The fact is emotions will come up. But the way we hold them, and how we examine them, that's very interesting. I think the way to fear less is to fear more first. Most of us are trained to overregulate fear, to contract when we feel it. This comes from when we were little, from how our early attachment processes played out. Fear is an emotion of connection for kids. When we were young we would go out from our parents, and when we felt fear we would go back. We went out and came back. There’s a natural evolutionary movement into relationship when we’re afraid. We ran to our mother or father because the parent is the structure for the child, and we released the fear in our nervous system to our parent.

But for many of us, we couldn't fully come back to our parents. They couldn’t hold our fear, so we learned to hold it ourselves, in our own base. When we hold fear in our base, it generates the feeling of not having enough. We're living in a world where there's a constant fear that there are not going to be enough resources. But that's just a state of consciousness—it’s not true.

What is true is when I hold fear in my base, I will chronically always be a bit afraid that I will not have enough or that things will disappear. And I will do something in order to feel safe within the lack of safety. I think many people in our population carry this, and that's why we’ve created a culture that's based on the fear of losing. I’m afraid I will lose my relationship, I will lose my money, I will lose my status in the world. This has nothing to do with my current situation. Usually it has something to do with my past, and then maybe I recreate it in my life because I make decisions that are fueled by fear.

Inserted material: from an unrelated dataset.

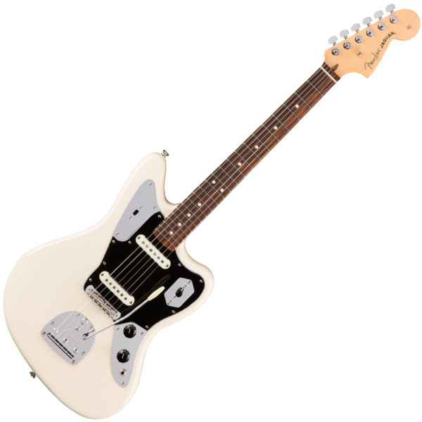 Fender American Professional Jaguar Olympic White – An eye-catchingly adventurous design—an exercise in chrome, plastic and wood—the Jaguar guitar’s delightfully off-kilter aesthetics and unique sound made it a darling of underground artists from the ’70s to today. Though it was the pinnacle of guitar technology when it was released in 1962, time (and technology) marches on so we updated the Jaguar with modern features and materials, hot-rodding it for today’s players. The result? The American Professional Jaguar—a dangerous instrument with bite.
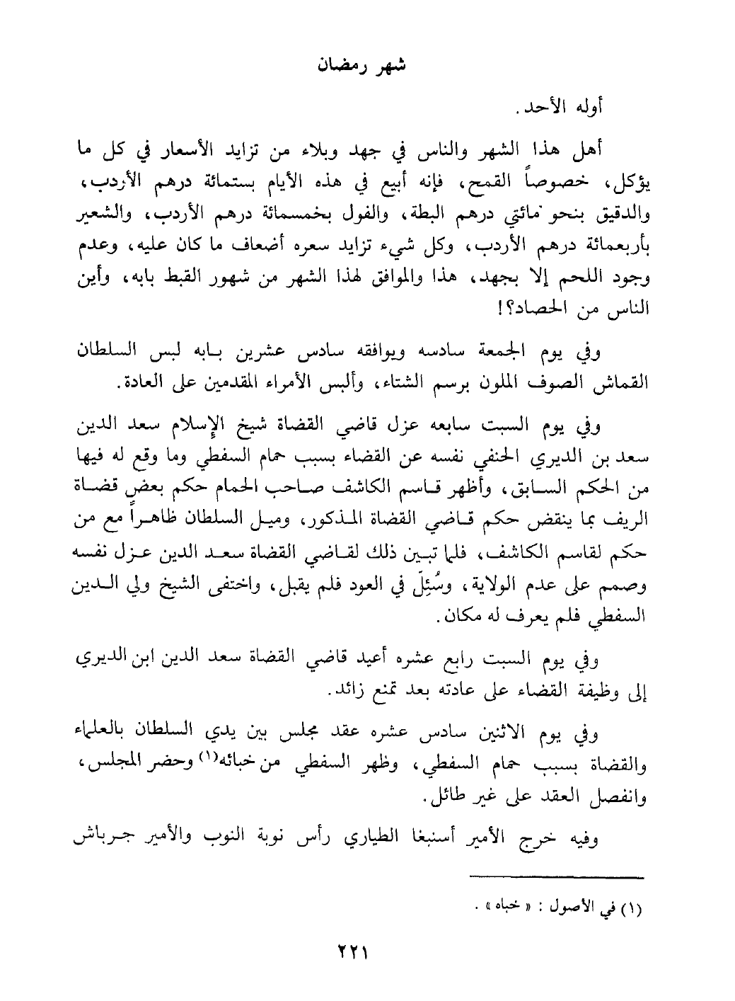 رمضان أوله الأحد أهل والناس في جهد وبلاء من تزايد الأسعار في كل ما يؤكل خصوصا القمح فأنه أبيع بستمائة والفول بخمسمائة والشعير بأربعمائة والدقيق بنحو مائتين البطة وكل شيء تزايد شعره أضعاف ما كان عليه وعز وجود اللحم إلا بجهد هذا والموافق لهذا الشهر من شهور القبط بابة وابن الناس من الحصاد.

In our times we are exposed to so much information that all of this stuff gets triggered much more than 40 years ago. We need an inner process that supports us when living in a time of the internet and AI and all the many things that are standing on our doorstep. It's here. Culture will change. Personal exploration is key, and it’s also important to have an environment where we speak with each other about the impact of the cultural field on us.